Polymer ferroelectric field-effect memory device with SnO channel layer exhibits record hole mobility

Abstract

Here we report for the first time a hybrid p-channel polymer ferroelectric field-effect transistor memory device with record mobility. The memory device, fabricated at 200°C on both plastic polyimide and glass substrates, uses ferroelectric polymer P(VDF-TrFE) as the gate dielectric and transparent p-type oxide (SnO) as the active channel layer. A record mobility of 3.3 cm(2)V(-1)s(-1), large memory window (∼16 V), low read voltages (∼-1 V), and excellent retention characteristics up to 5000 sec have been achieved. The mobility achieved in our devices is over 10 times higher than previously reported polymer ferroelectric field-effect transistor memory with p-type channel. This demonstration opens the door for the development of non-volatile memory devices based on dual channel for emerging transparent and flexible electronic devices.

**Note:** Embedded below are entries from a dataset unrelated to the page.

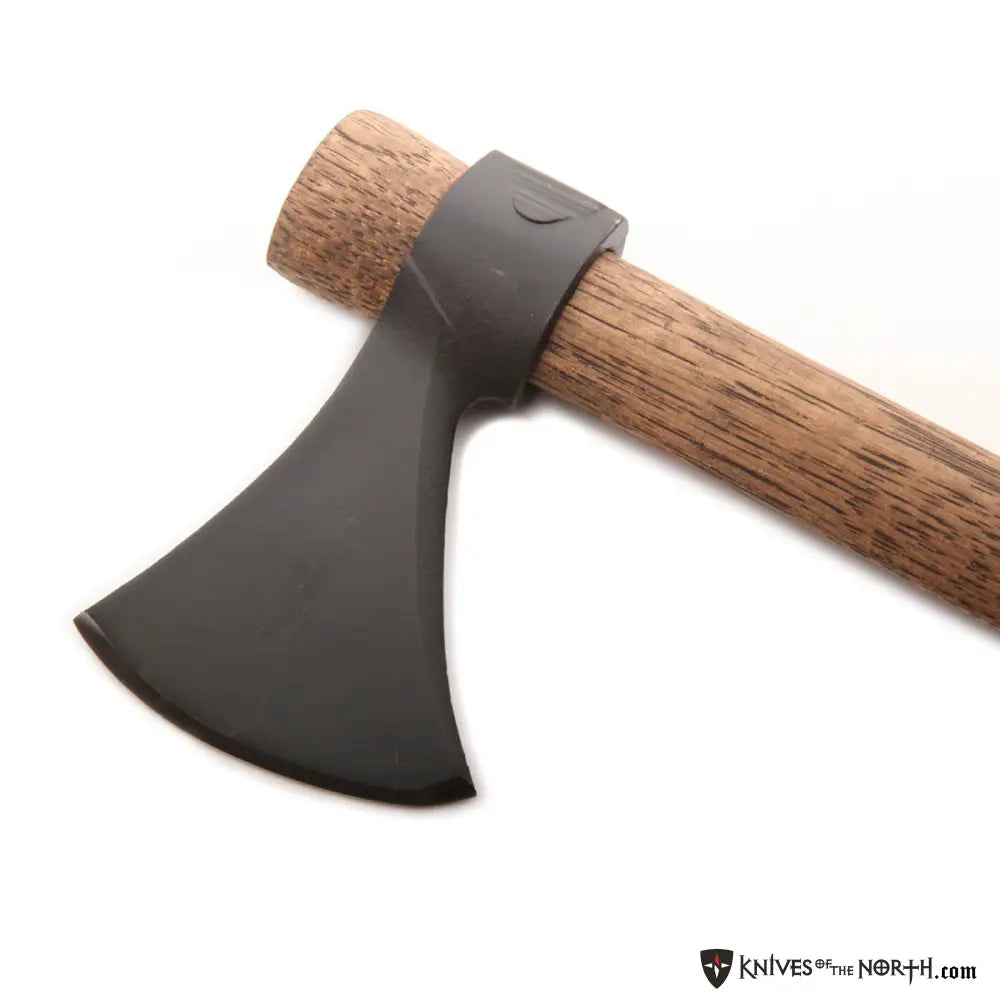 This is a great reproduction of late-period Native American tomahawks, with a curved edge profile. Made from tough 410 stainless steel with a HRC of 38-45. If you're using this axe for throwing, you should pick up some spare handles. The replacement handle for this axe is the tear-drop style. Axe comes sharpened.
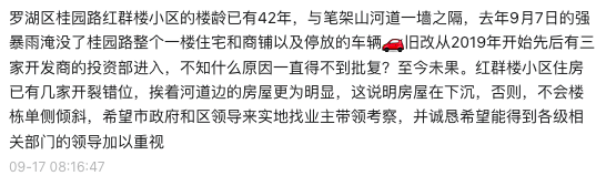 有网友在深圳乐居后台留言,罗湖桂园路红群楼小区超过40年楼龄,招北小区86年建设,至今已经38年……业主们都面临着墙体破裂、规划落后以及生活不便等问题。
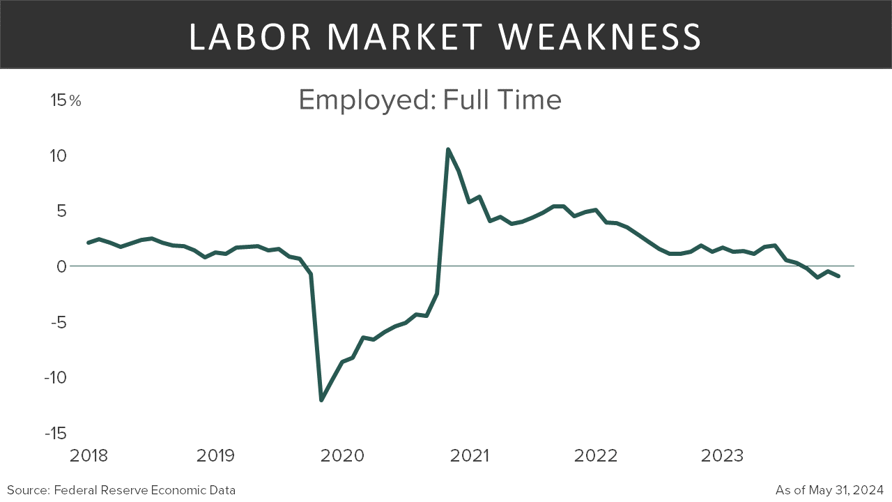 However, the household survey revealed contrasting data, showing a significant contraction and an increase in the unemployment rate to 4.0%. This discrepancy might be attributed to the birth-death model used by the Bureau of Labor Statistics, which may not accurately capture current economic conditions. The household survey also indicated a decline in full-time jobs, an increase in the median duration of unemployment, and a shrinking labor force, with over 400,000 people leaving the workforce in May.

Figure 1. Conceptual design of the devices.

(a), polyimide substrate; (b), glass substrate: the following layers make up the device stack (from bottom to top): substrate, 200 nm Si₃N₄ layer, 30 nm SnO active layer, 10 nm Ti/40 nm Au source and drain contacts, 300 nm P(VDF-TrFE) ferroelectric layer and 80 nm Al top gate; (c), optical transmission characteristics of the glass substrate, SnO/glass, and P(VDF-TrFE)/glass, and (d), TEM image showing cross section of the SnO/P(VDF-TrFE) interface, and optical profilometer scan (inset) showing the major parts of the device.

Figure 2. FeFET static characteristics.

Output characteristics from V_GS = 0 V to −15 V at −3 V steps of (a), glass substrate; (b), flexible substrate; Transfer characteristics at V_DS = −1 V of (c), rigid device; (d), flexible device.

Figure 3. Materials Characterization.

(a), XRD pattern of SnO thin films. The lines at the bottom show the diffraction patterns of tetragonal SnO (JCPDS card No. 06-0395) and tetragonal Sn (JCPDS card No. 04-0673); (b), GIXRD pattern of P(VDF-TrFE) layer showing the dominat reflection corresponds to the ferroelectric β phase; (c), AFM image of the SnO surface. The SnO films show very smooth surfaces with a root mean square roughness of ∼1.8 nm; (d), AFM image of the P(VDF-TrFE) surface morphology, with an average grain size of ∼160 nm.

Figure 4. Retention characteristics.

(a), rigid device; (b), flexible device. The ON/OFF states were produced at gate voltages of −30/+30 V with a 1 sec pulse and the retention was measured at zero gate bias condition.